The Greeks rout the Persians at the Battle of Marathon and, according to tradition, send a trained runner named Pheiddipides back to Athens with the good news. His 26 mile jaunt, which exhausted and KILLED him, inspired the modern marathon.
Serious injury can result from speeds that are too high and from sheer stupidity. Be advised. Also, if your treadmill is backed up to a wall, you can be thrown into the wall and get serious belt burn if you get stuck while down. This is why there are safety keys with lanyards to attach to your clothing. If you want to prevent your children from using the treadmill and committing acts like those seen in this video, hide the safety key!
Yes, it’s true, your dog (or cat) can kill your treadmill. Treadmills are notorious for collecting dirt, dust, and pet hair into the motor compartment (among other things). The picture shown here is one of my client’s treadmills that I recently serviced. I’m surprised it did not short out, or worse, start a fire. It’s happened before. What happened with this one was the power switch shorting out. This is one reason why you should have your treadmill serviced regularly. Also, if it does get serviced by someone other than myself, make sure they take the motor cover off. I was told today by another client she had previous techs come out and not one of them took off the motor cover and told her she needed new parts. I was floored. She knows they didn’t take it off because she watched them, like she did me, diagnose her treadmill. Anyway to get back to the pet hair, it’s a major problem if you have pets, or have had pets while owning your treadmill. As mentioned, it can short out the motor controller, cause a fire, cause interference with the speed sensor, and cause issues with the rollers. Pet hair isn’t the only thing I’ve found in the motor compartment that causes problems. That may be a topic for another post down the road. 😉
If your treadmill belt keeps sliding to the left (or right) you may have a bigger problem than the rear roller being off of alignment. Look on the inside of the endcap (especially Nordic Track and ProForm) and look for cracks or a broken end cap all together. That’s the main problem.
There is a fix that can save you $40 or more (some end caps are one piece connecting both sides and can run @ $90). The manufacturer thinks plastic can hold the pressure of the belt tension over time. This is just not feasible. If you want to try to fix this yourself, here’s what you can do.
Go to your hardware store and buy an oversized washer large enough to cover the hole in the endcap that the bolt fits through. A 1″ or 1.5″ washer with a 1/4″ hole should work. If you’re not sure on the size of the hole, bring the roller bolt with you. You may need to buy a longer bolt to make it easier to reach the roller when you get home to put the bolt back in. Most of the bolts for Nordic Track and ProForm are 1/4″ #20 in size. An extra 1/2″ to inch should be plenty. Since the head of the bolt will be outside of the endcap, it doesn’t need to be an allen or socket head bolt, just don’t get a bolt that would require a screwdriver. Hex head would be best and make adjustment easier with a wrench.
So, you put the bolt through washer and then place it back into the endcap. The washer will then be on the outside of endcap (this is why you may want a longer bolt since it is now displaced farther from the roller). I haven’t had any problems with this not holding up after doing this fix.

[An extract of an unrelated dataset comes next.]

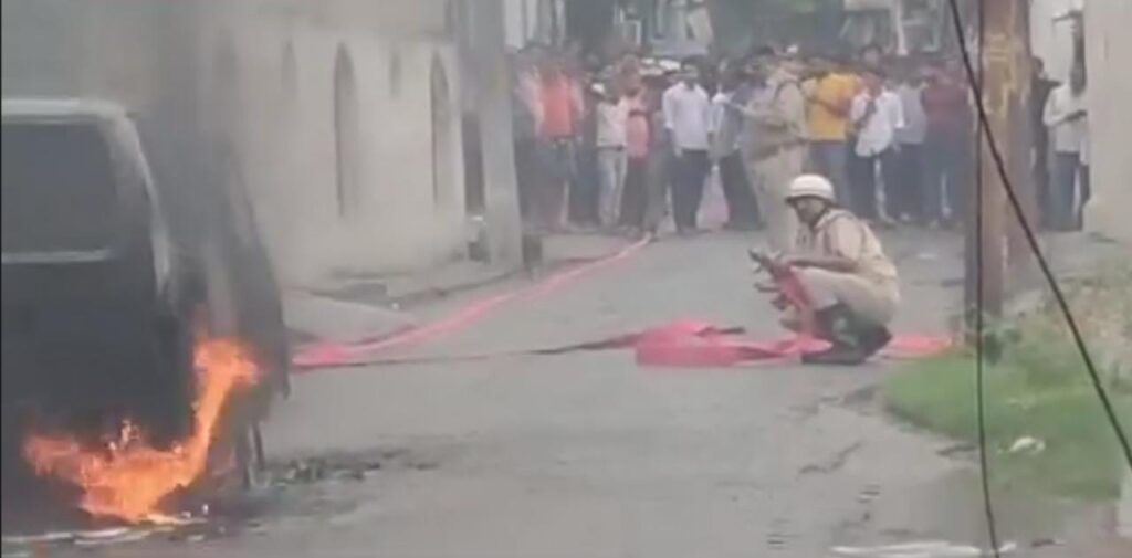 एंबुलेंस में लगी आग, गैस रिफलिंग के दौरान हुआ हादसा मचा हड़कंप, आरटीओ और यातायात की कार्यवाही पर उठे सवाल
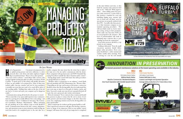 Here ’ s a big question ……… Can proper site preparation for an asphalt paving project and strict adherence to safety protocols drive costs down and make employees happy ? Big is an understatement . There ’ s a lot to that question . “ This starts well in advance ,” stated Brian Hall , territory sales manager / asphalt training specialist at LeeBoy , Lincolnton , North Carolina . “ A quick survey of the jobsite will quickly determine if there are any pitfalls . to be prepared for . Some of these may include traffic concerns , entrance and exit for your machinery or possibly any areas that may need to be coned off for safety of the traveling public . Tackling these tasks on the day of the job can lead to oversites and open your company up for dangerous results . “ Communication among all involved in the project is crucial . “ This is somewhat of an open-ended question since commencement for a paving job is totally different then crack sealing ,” said Gary Goldman , Gary S . Goldman & Associates , The Contractors Consultant , Sherborn , Massachusetts . “ When estimating the job anything out of the ordinary scope of work should be noted . Communication between the sales , contract administration , and operations teams in most situations would red flag any work that needs to be completed prior to the start date ( in a

Saves you money and gets your treadmill back to work. You just need to adjust the tension and alignment.
Want to know the best way to find out if you have a mouse in your house? Have your treadmill serviced! Yup, most of the time when I get inside the motor compartment I find mouse remnants. I also find dog biscuits, dog food, cat food, half eaten shells of acorns, empty nests, etc. You may not know it, but I’ll let you know. They love treadmills. If you don’t turn the treadmill off, the lower control board gives off heat. Mice love electrical currents for some reason. I won’t do the extermination for you, but you’ll at least be aware that you may have a problem! Call 860-384-3269
I was talking with a woman on the phone today who was inquiring about my services and charges. She needs a treadmill moved from one room to another on the same floor, about 15 feet away, and a general maintenance/tune-up as well. I told her I can take care of both and then she started telling me about the company where she had bought her treadmill (which shall remain nameless).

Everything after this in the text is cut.